>>

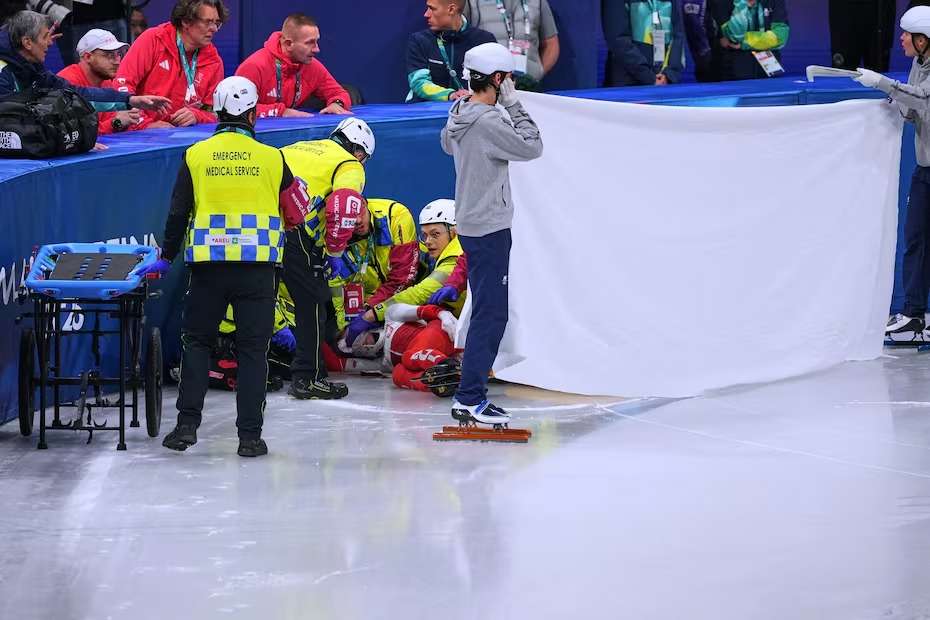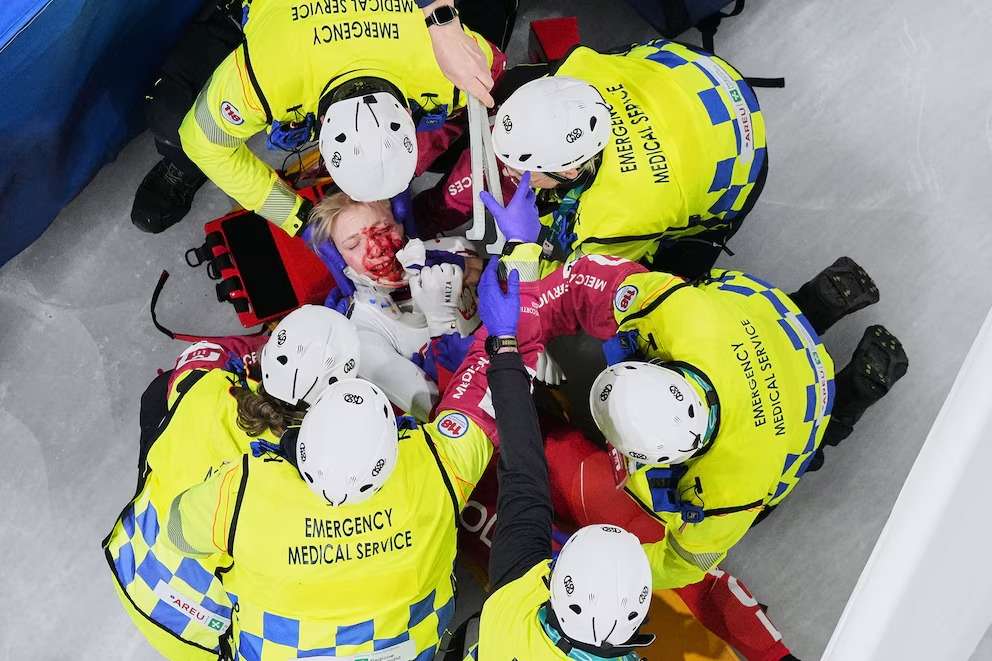 La tensión en el Milano Ice Skating Arena, recinto que cobijó esta disciplina en los Juegos Olímpicos de Milán-Cortina d’Ampezzo, escaló. Las autoridades sanitarias entraron rápidamente al lugar y la sacaron en camilla, mientras las imágenes mostraron la sangre en la zona. Antes de trasladarla, taparon el sector con una gran sábana blanca mientras la atendían.
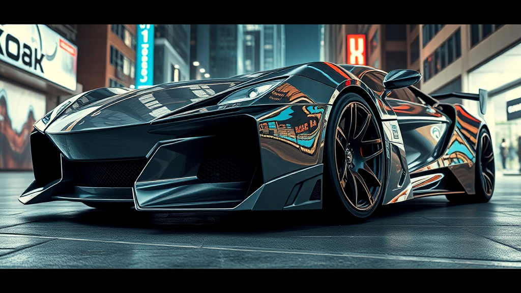 masterpiece wallpaper of a futuristic car, gleaming metal surfaces, urban environment, low angle perspective, intricate and sophisticated design, highly detailed digital painting, artstation aesthetic, concept art, seamless blend of elegance, sharp focus, illustration, inspired by the styles of artgerm, greg rutkowski, and alphonse mucha, rendered in 8k with emphasis on clarity and striking visual impact.
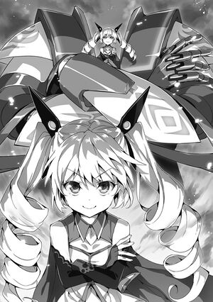 Inside the gigantic magic armor, a petite girl was settled in. Her rolled twintails shook, when she was crossing her arms haughtily, the metallic arms were also crossing themselves matching with that movement.
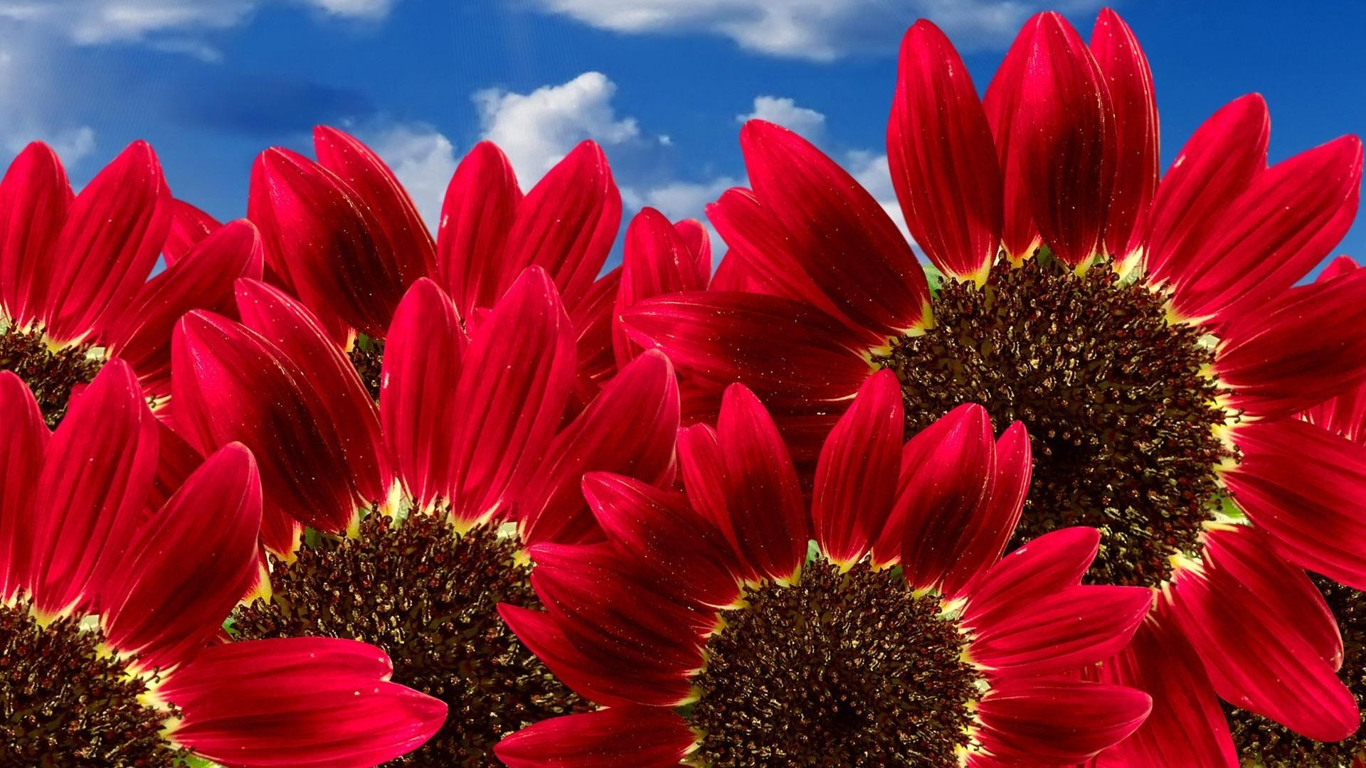 Grandes fleurs sur fond de ciel bleu
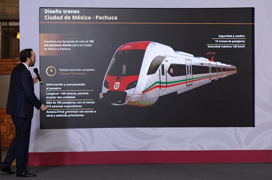 Destacó que, además, el 3 de diciembre se realizó el fallo en la licitación de 47 trenes de pasajeros, que tendrán 65 por ciento de contenido nacional, y que darán servicio a la ruta Ciudad de México-Querétaro-Irapuato. Detalló que los trenes atenderán una demanda de más de 100 mil personas diarias, tendrán una longitud de 100 metros, permite acoplar dos unidades, tienen una capacidad de 700 pasajeros con al menos 315 asientos ergonómicos, además de que contarán con accesibilidad universal.
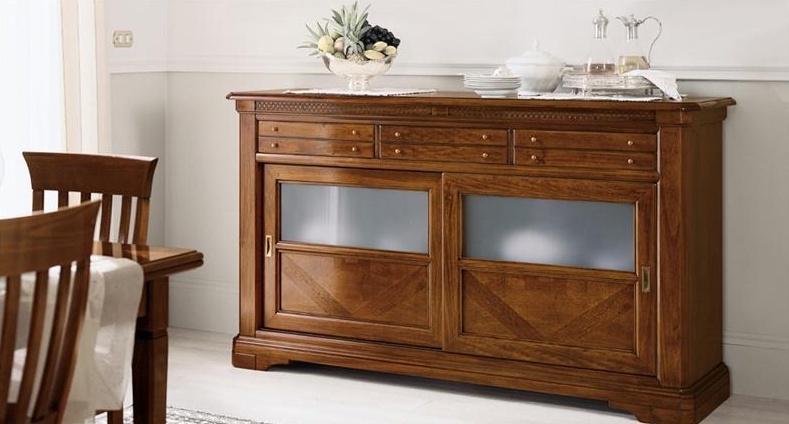 The buffet 4216Z / 4216P from the Italian manufacturer Bruno Piombini. The frame is made from solid poplar, swing - glass. Model with double doors and drawers. Perfect choice for classic style. Colors: natural wood color, brown.
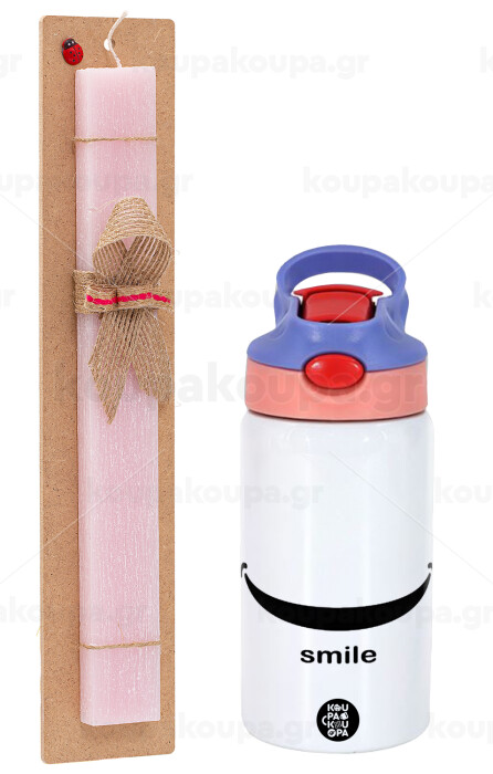 Smile!!!, Easter Set, Children's thermal stainless steel water bottle with safety straw, pink/purple (350ml) & Easter scented flat candle (30cm) (PINK)
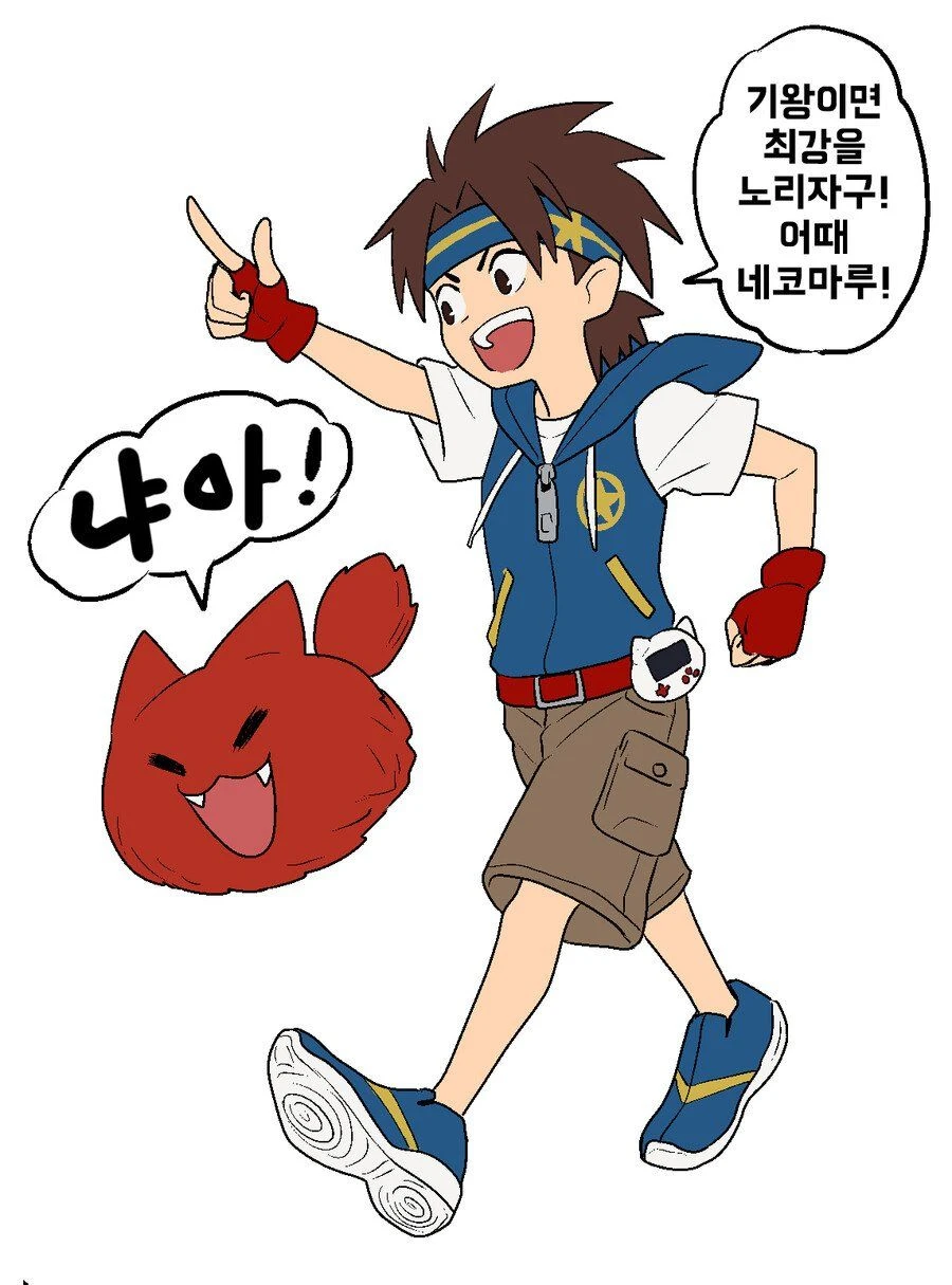 나이:13살 성별:남자 키:154 특징:가루몬의 파트너이자 주인,유저의 네코마루가 진화한 모습을보고 반함,유저,한소라와 친구

<<

Task goal: Repeat all of the entries above exactly. Keep pictures out of it.

Solution to this problem:
 La tensión en el Milano Ice Skating Arena, recinto que cobijó esta disciplina en los Juegos Olímpicos de Milán-Cortina d’Ampezzo, escaló. Las autoridades sanitarias entraron rápidamente al lugar y la sacaron en camilla, mientras las imágenes mostraron la sangre en la zona. Antes de trasladarla, taparon el sector con una gran sábana blanca mientras la atendían.
 masterpiece wallpaper of a futuristic car, gleaming metal surfaces, urban environment, low angle perspective, intricate and sophisticated design, highly detailed digital painting, artstation aesthetic, concept art, seamless blend of elegance, sharp focus, illustration, inspired by the styles of artgerm, greg rutkowski, and alphonse mucha, rendered in 8k with emphasis on clarity and striking visual impact.
 Inside the gigantic magic armor, a petite girl was settled in. Her rolled twintails shook, when she was crossing her arms haughtily, the metallic arms were also crossing themselves matching with that movement.
 Grandes fleurs sur fond de ciel bleu
 Destacó que, además, el 3 de diciembre se realizó el fallo en la licitación de 47 trenes de pasajeros, que tendrán 65 por ciento de contenido nacional, y que darán servicio a la ruta Ciudad de México-Querétaro-Irapuato. Detalló que los trenes atenderán una demanda de más de 100 mil personas diarias, tendrán una longitud de 100 metros, permite acoplar dos unidades, tienen una capacidad de 700 pasajeros con al menos 315 asientos ergonómicos, además de que contarán con accesibilidad universal.
 The buffet 4216Z / 4216P from the Italian manufacturer Bruno Piombini. The frame is made from solid poplar, swing - glass. Model with double doors and drawers. Perfect choice for classic style. Colors: natural wood color, brown.
 Smile!!!, Easter Set, Children's thermal stainless steel water bottle with safety straw, pink/purple (350ml) & Easter scented flat candle (30cm) (PINK)
 나이:13살 성별:남자 키:154 특징:가루몬의 파트너이자 주인,유저의 네코마루가 진화한 모습을보고 반함,유저,한소라와 친구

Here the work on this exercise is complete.